|LETTER TO THE EDITOR
|Year : 2009 | Volume
| Issue : 2 | Page : 186-187
Halobetasol versus clobetasol: A study of potency
Soumya Mohandas, Reena Rai, CR Srinivas
Department of Dermatology, PSG Hospitals, Peelamedu, Coimbatore-641 004, India
Department of Dermatology, PSG Hospitals, Peelamedu, Coimbatore - 641 004, Tamil Nadu
Source of Support: None, Conflict of Interest: None
|How to cite this article:|
Mohandas S, Rai R, Srinivas C R. Halobetasol versus clobetasol: A study of potency.
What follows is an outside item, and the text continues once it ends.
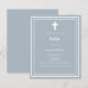 Fundo azul empoeirado, decorado com um quadro branco, e uma cruz branca Personalize e adicione o nome e os detalhes. Texto branco.

Indian J Dermatol Venereol Leprol 2009;75:186-7
|How to cite this URL:|
Mohandas S, Rai R, Srinivas C R. Halobetasol versus clobetasol: A study of potency. Indian J Dermatol Venereol Leprol [serial online] 2009 [cited 2020 Jan 22];75:186-7. Available from: http://www.ijdvl.com/text.asp?2009/75/2/186/48672
Topical corticosteroids (TCS) are an integral part of dermatological therapeutics. The clinical effects of TCS depend on the structure of the molecule, the vehicle and the skin onto which it is applied.  Addition of a fluorine molecule at six and/or nine positions enhances the potency of TCS. Halobetasol propionate has 6a flouro clobetasol 17-propionate as the active ingredient. Very occlusive vehicles enhance TCS molecule percutaneous absorption probably by increasing the hydration of the stratum corneum.  To estimate potency, various assays like vasoconstrictor assay and artificially induced inflammation using ultraviolet light can be used.  The ability of TCS to inhibit the size of histamine-induced wheal was used to assess the relative efficacy of halobetasol propionate and clobetasol 17-propionate in cream and ointment formulations in an open-labeled study conducted on 30 volunteers.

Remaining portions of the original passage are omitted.